Immunodeficiency and HIV

Question 1

What can the immune system be divided into?

Answer 1

Innate- the one that we are born with & our first response (e.g. phagocytes, complement, etc.)

Adaptive/acquired- changes throughout life (e.g. T cells, B cells, etc.)

Question 2

What does immunodeficiency result in & what is an indication of immunodeficiency?

Answer 2

Immunodeficiency results in increased susceptibility to infection by specific classes or types of microbes.

Repeated or unusual infections is an indication of immunodeficiency

Question 3

What is primary & secondary immunodeficiency?

Answer 3

Primary immunodeficiency:
Genetically determined or result of developmental anomalies
Inherited, congenital, and rare

Secondary immunodeficiency:
Acquired & caused by disease or an immunosuppressive treatment
More common

Question 4

What can primary immunodeficiencies be a result of?

Answer 4

it can be genetic so:
autosomal,
X-linked (sex chromosome),
gene deletions, rearrangements, polymorphisms (SNPs).

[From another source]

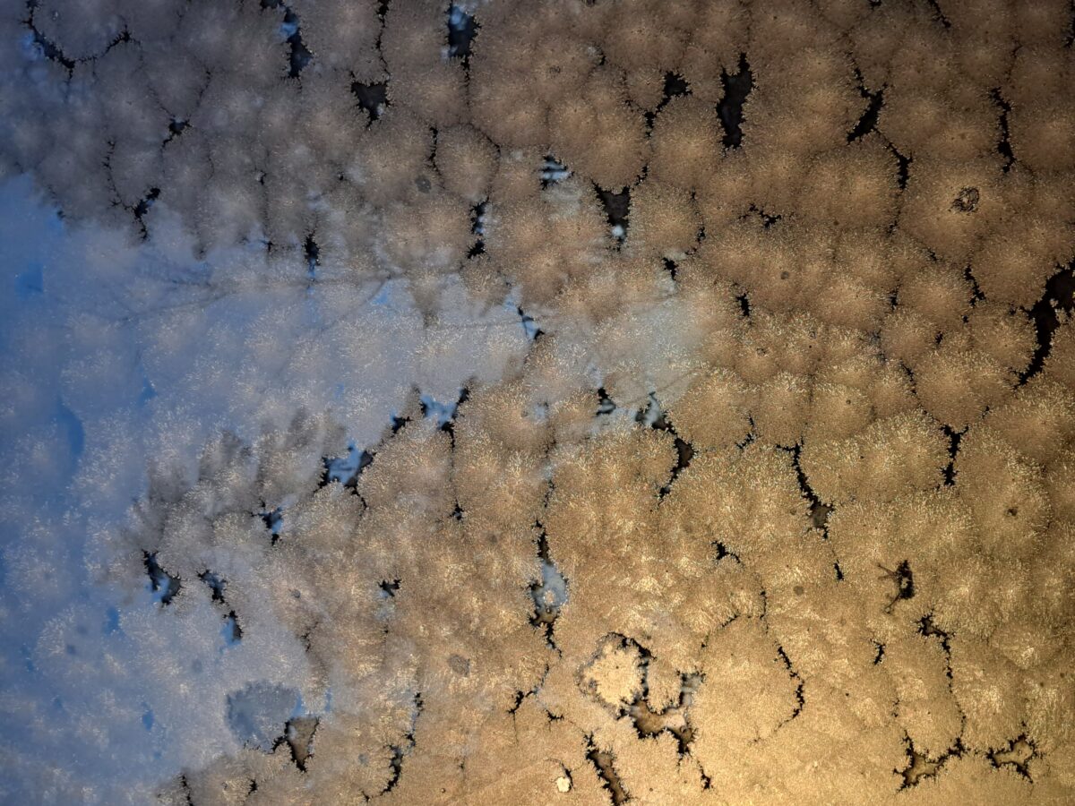 Aamulla tuulettaessa tupaa parvekkeen ikkuna huurtuu kauniisti tehden upeita kuvioita.

Or it can be biochemical or metabolic so:
adenosine deaminase deficiency (affects T cells), purine nucleoside phosphorylase deficiency (affects T cells),
developmental arrest (affects B cells, T cells, phagocytes)

Question 5

What are some examples of complement deficiencies that affect the classical pathway?

Answer 5

Defects that affect the classical pathway (C1qrs, C2 or C4) lead to:
Immune complex disease unable to remove Ag-Ab complexes (Type III hyper.)
Susceptibility to encapsulated organisms such as Streptococcus pneumoniae and Neisseria spp

Question 6

What are some examples of complement deficiencies such as C3 deficiency?

Answer 6

Opsonisation of microbes is defective hence:
removal by phagocytosis is compromised
susceptibility to encapsulated organisms i.e. Streptococcus, Neisseria, pyogenic organisms

Question 7

What are some examples of complement deficiencies such as Alternative pathway deficiencies (Factor B, Factor D and Properdin)?

Answer 7

Results in low C3b levels:
pneumococcal and meningococcal infections
no immune complex disease

Question 8

What are some examples of complement deficiencies such as MAC complex deficiency (C5-9)?

Answer 8

Inability to lyse bacterial cells hence:
recurrent infection with Neisseria meningitidis
humoral (antibody) immunity is unaffected

Question 9

Phagocytosis deficiencies - what are the consquences when there are defects in the stem cell differentiation?

Answer 9

Neutropaenia (low neutrophil numbers) Leukocyte adhesion disease - lack of adhesion molecules (CD18, that binds to ICAM-1) required for Neutrophil recruitment

Question 10

Phagocytosis deficiencies - what are the consquences when there are defects in phagocytosis?

Answer 10

Also known as Chediak-Higashi syndrome.

Lack of phagosome fusion with lysosomes:
-defect in lysosomal trafficking regulator (LYST)
-susceptibility to staphylococcus aureus

Question 11

Phagocytosis deficiencies - what are the consquences when there are defects in Defective intracellular Killing?

Answer 11

Also know as Chronic granulomatous Disease.
Defect in NADPH system:
-required for free radical formation (ROS)
-lack of oxygen-dependent killing
-increased bacterial and fungal infections

Question 12

What can phagocytosis deficiencies all lead to?

Answer 12

General increased susceptibility to bacterial and fungal infections of skin and mucosal tissues

Question 13

What is the treatment for Phagocytosis deficiencies?

Answer 13

Treatment: antibiotics or bone marrow transplant (gene therapy)

Question 14

Humoral / antibody deficiencies - what are the consequences of abnormal b cell development?

Answer 14

Abnormal b cell development can lead to Bruton’s agammaglobulinaemia (x-linked agammaglobulinaemia).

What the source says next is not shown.